Just nod if you can hear me
Is there anyone at home?

Come on now
I hear you're feeling down
Well, I can ease your pain
And get you on your feet again

Relax
I'll need some information first
Just the basic facts
Can you show me where it hurts

There is no pain, you are receding
A distant ship's smoke on the horizon
You are only coming through in waves
Your lips move but I can't hear what you're saying
When I was a child I had a fever
My hands felt just like two balloons

Now I've got that feeling once again
I can't explain, you would not understand
This is not how I am
I have become comfortably numb

I have become comfortably numb

Em seus mais apavorantes pesadelos, nunca imaginou que todo seu propósito seria consumido por neve, fogo e fuligem. Correu por entre a multidão, tentando em vão afastar as chamas para salvar um corpo que sabia não existir mais. Não conseguia sequer chegar perto da casa, como salvaria o conde? E sem ele, sem aquela figura de puro poder que permeava seus sonhos, sem os olhos vermelhos que olhavam para o mundo como se tudo fosse mesmo tão banal, tão efêmero, sem a promessa da eternidade... O que ele faria de seus dias? O que faria com o vazio em seu peito?

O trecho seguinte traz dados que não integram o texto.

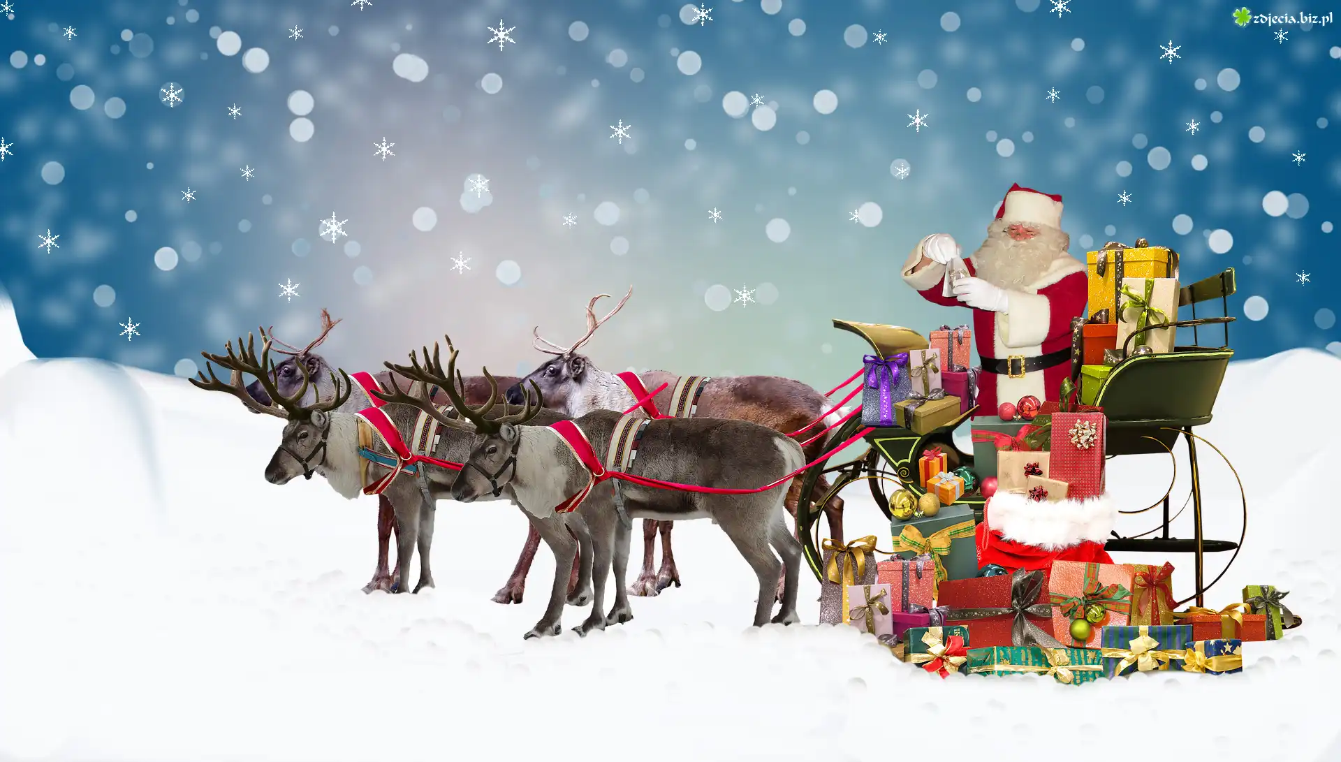 Zdjęcie Mikołaj, Sanie, Renifery, Prezenty
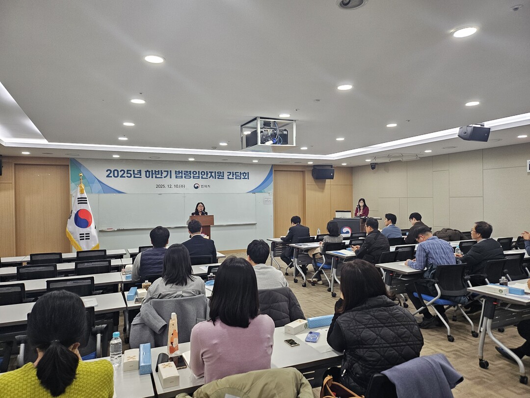 법제처(처장 조원철)는 10일 정부세종청사에서 고용노동부, 지식재산처, 우주항공청 등 19개 부처의 법제 담당 공무원 40여 명이 참여한 가운데 ‘2025년 하반기 법령입안지원 간담회’를 개최했다고 밝혔다.

Em meio a multidão que havia incendiado a casa de seu (como ele queria) mestre, ele não sabia o que fazer. Acabou ajoelhando-se em meio a neve que derretia fazendo poças de lama sob seus pés, procurando na sujeira seu reflexo, encontrando apenas mais fuligem. O resto do mundo se tornou algo distante que ele percebeu mas não se importou, como os gritos da multidão, quando o conde saiu pela porta da frente, em meio às chamas, com metade do crânio exposto e a mandíbula sem apoio, macabramente aberta até o peito. Nem sentiu alívio quando a pele desse mesmo crânio se regenerou. Não correu quando as sombras vieram e cobriram tanto o céu quanto a cidade. Apenas ficou a procurar por seus olhos azuis na imunda poça d'água.

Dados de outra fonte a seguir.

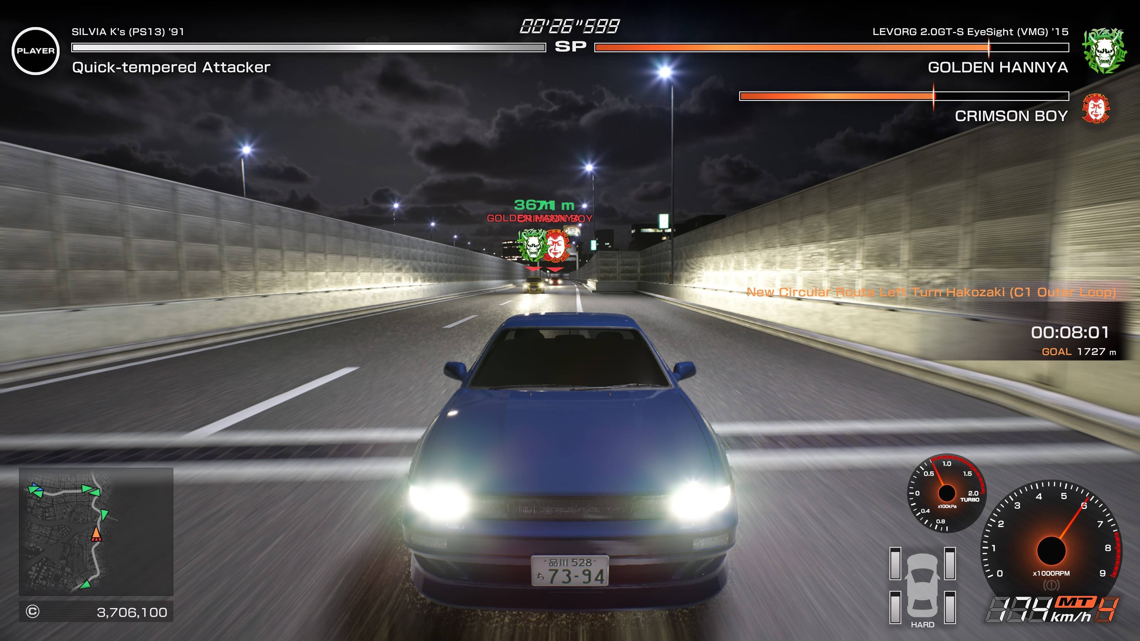 Nie ma tutaj z góry wytyczonych tras z linią startu i mety. Pojedynek zaczyna się tam, gdzie spotkaliśmy rywala i mignęliśmy mu zza pleców długimi światłami (wybór odpowiedniego miejsca może mieć znaczenie taktyczne, kiedy mierzymy się z wysokopoziomowym konkurentem dysponującym lepszą maszyną, która odstawiałaby nas na prostych), a kończy, gdy jeden kierowca oddali się od drugiego i utrzyma przewagę do czasu, aż rywalowi wyczerpią się „punkty ducha”. Wszystko to odbywa się w ruchu ulicznym, więc starcia bywają emocjonujące, zwłaszcza na ciasnych i krętych odcinkach Shutoko Expressway.
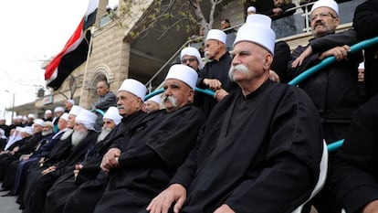 “Somos sirios, leales a la República Árabe Siria y a nuestro presidente, Bachar el Asad”. Vestido de solemne negro y tocado con un fez blanco, el líder espiritual Jad al Karim Nasser es la quintaesencia del pueblo druso, la minoría religiosa asentada en los Altos del Golán desde tiempo inmemorial. En la misma valla fronteriza de la meseta ocupada por Israel a partir de 1967, y a solo un kilómetro del mirador de la Colina de los Gritos —donde los drusos de Siria se comunicaban en el pasado con sus parientes de Majdal Shams, el pueblo situado más al norte del Golán—, desafía con su poblado mostacho al presidente de Estados Unidos. “La decisión de [Donald] Trump no cambia la situación”, advierte el jefe religioso y líder comunal de la localidad de Buqata, “al contrario, refuerza nuestra voluntad de defender esta tierra”.
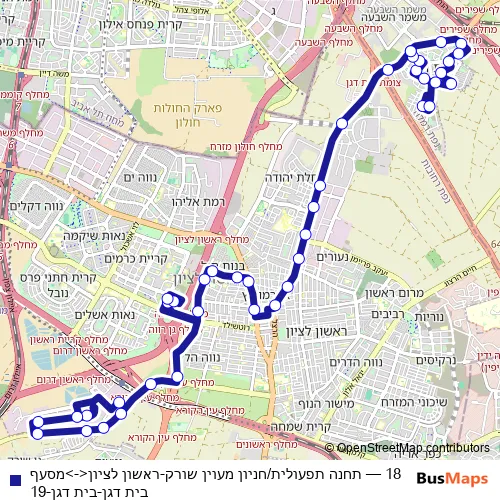 The first stop of the 18 bus route is תחנה תפעולית/חניון מעוין שורק and the last stop is מסעף בית דגן. 18 (תחנה תפעולית/חניון מעוין שורק-ראשון לציון<->מסעף בית דגן-בית דגן-19) is operational during כל יום.
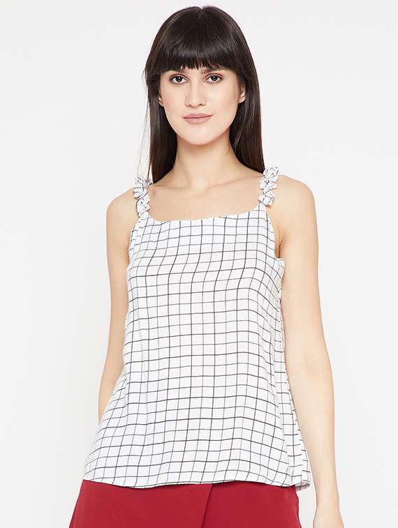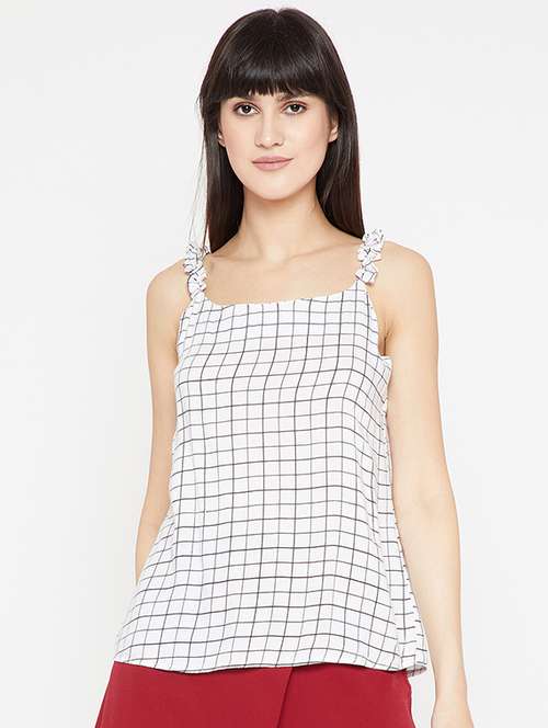 frilled cami neck grid top
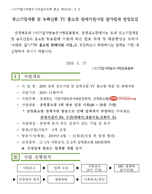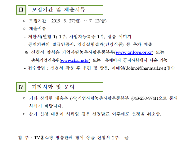 | TV홈쇼핑 입점지원 참가업체 모집 연장공고 | |||||

Em meio à escuridão, Vlad sentia apenas frio. Vlad não entendia porque o frio era reconfortante, ou porque sentia-se seguro na escuridão. Então lembrou-se do fogo e lembrou-se da claridade que a falta de pálpebras não o permitiam extinguir. Pálpebras que abriram para contemplar a lua cheia sobre sua cabeça. Sentiu a neve acariciar seu rosto e mãos e fechou os olhos em estase, por ter pele mais uma vez. E então lembrou-se que aquele lugar não deveria lhe trazer conforto. Sua alma era seu inferno, afinal.

Levantou-se o mais rápido que pode e olhou novamente para o céu limpo, perguntando-se de onde vinha a neve se não do próprio céu. Sem entender sua própria alma, olhou para o horizonte e acabou encontrando seu castelo. Sozinho em meio à neve, onde antes havia toda uma cidade. Sem escolha, decidiu-se por ir até ele.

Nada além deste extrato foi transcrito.